Is Sandusky’s Sentence Merciful for His Victims?

Published by Daleen Berry on

I’m not sure why Judge John Cleland didn’t impose the maximum number of years possible on Jerry Sandusky. After all, a Centre County jury found the former football coach guilty in 45 of 48 criminal acts of sexual abuse and assault in June, after deliberations ended in the little town of Bellefonte, Pa. So Sandusky could have received a sentence of 373 years. If only Cleland had chosen to do so.

Instead, while commenting that the law would allow for a much harsher sentence, Cleland gave Sandusky 30-60 years. So let’s do the math: 10 victims at—on the low end—three years each, equals 30 years. That isn’t squat. Because if I’m one of those 10 victims, I’m probably thinking: “For molesting (or raping) me, he’s going to prison for three years.”

Keep in mind, those 10 men don’t even include Sandusky’s adopted son Matt, who revealed after the trial that he was yet another one of the serial pedophile’s victims. Or the dozens, if not hundreds, of other victims Cleland must suspect are out there, but who just haven’t come forward yet.

Even at the high end—60 years—Sandusky would hypothetically serve six years of prison for each victim who was brave enough to come forward and relate what the ex-coach did.

Cleland’s decision reminds me of the time I helped local police set up a sting on a child predator. “Wayne the pain” tried to target two pre-teen girls, back in the early 1990’s. I just happened to catch him in the act. But once in court, the local magistrate—a woman, by the way—essentially wagged her finger at him. In essence she was figuratively saying, “Now there, there, don’t you do that again, you naughty boy.”

That’s when the youngest victim, a child of 12, said something I’ve never forgotten. “You can be charged with a DUI and serve a longer sentence than that,” she said. Indeed, someone she knew had served jail time for just such a traffic violation. Wayne simply paid a fine and went on his merry way. Wasn’t even sentenced to a day in jail, so he could ponder his criminal behavior.

It was a travesty to say the least, and it sent a very negative message to the children in that family at the time. I, for one, believe it’s a message they never forgot. Furthermore, I think it’s made them—all at-risk children, due to absent or abusive fathers—even more distrustful of authority figures than they were before.

I believe Cleland’s decision does the same thing for these young men. And possibly other victims waiting to come forward, while wavering about doing so. Perhaps even waiting to see the outcome of the sentence handed down to Sandusky.

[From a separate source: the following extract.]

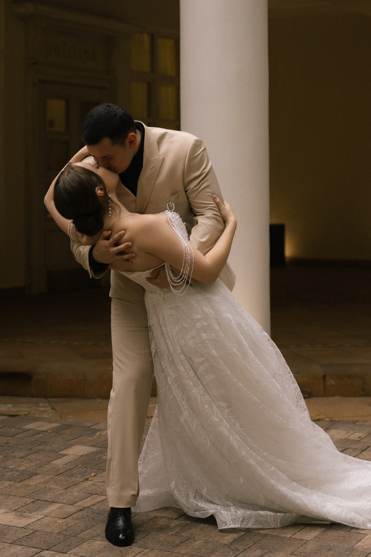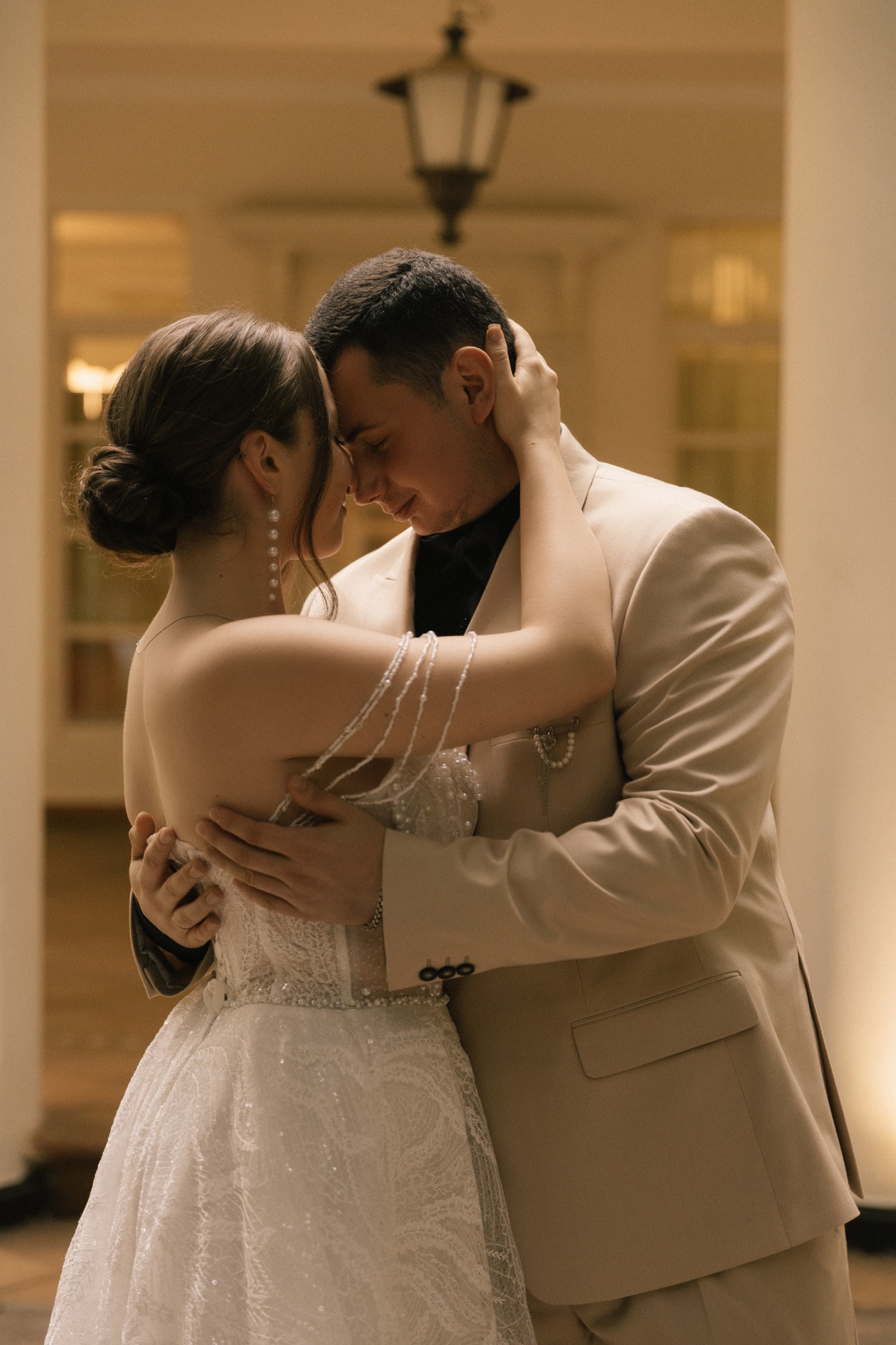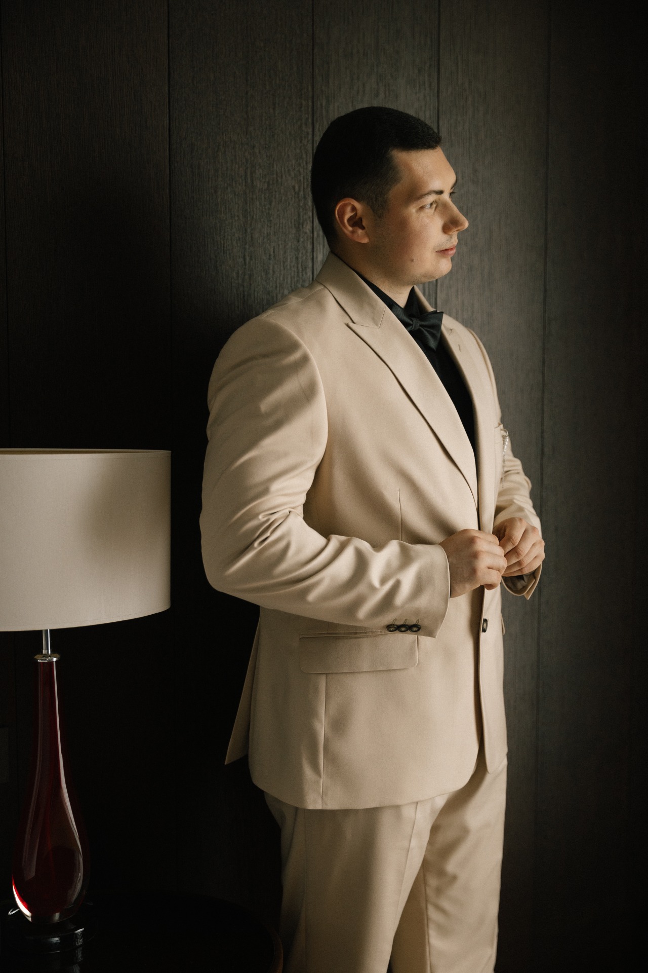 Максим тоже быстро определился с костюмом. Он сразу знал, что хочет наряд в бежевых тонах и обязательно с бабочкой. Мы долго думали над цветом рубашки и бабочки и остановились на чёрном — получилось очень лаконично и отлично подходило под стиль нашей свадьбы.

On the one hand, it’s easy to say it doesn’t matter: because this particular child predator is 68, the judge’s sentence essentially makes Sandusky a lifer. He’ll die there.

On the other hand, it does matter: the victims’ trust, one could say, has been violated again. By another person in a position of power. That’s what I think they might conclude: that in taking away their childhoods and the life they could have had, Sandusky deserves to receive an equally harsh, symbolic sentence. One that acknowledges the losses they can never recover. (Not from which they can never recover, for that is an entirely different statement, and a topic for another day.)

But why did Cleland not throw the proverbial book at Sandusky, and sentence him to 373 years? I’m not sure, but think it could boil down to this: Dottie Sandusky. Maybe the judge respects her. Maybe he even knows her personally. Maybe, like so often happens in these cases, he and the rest of the community feel sorry for her. For what she’s had to live through herself, all these years.

It isn’t entirely impossible, you know. When I went to Bellefonte for the trial, I was told that various community members had heard rumors about Sandusky’s criminal behavior. Those rumors were apparently decades old. So it was, I was told, that Sara Ganim, then a Penn State journalism student, heard the rumors, too. If true, that’s probably when her Pulitzer-Prize winning crime-reporter’s nose began sniffing out the rumors.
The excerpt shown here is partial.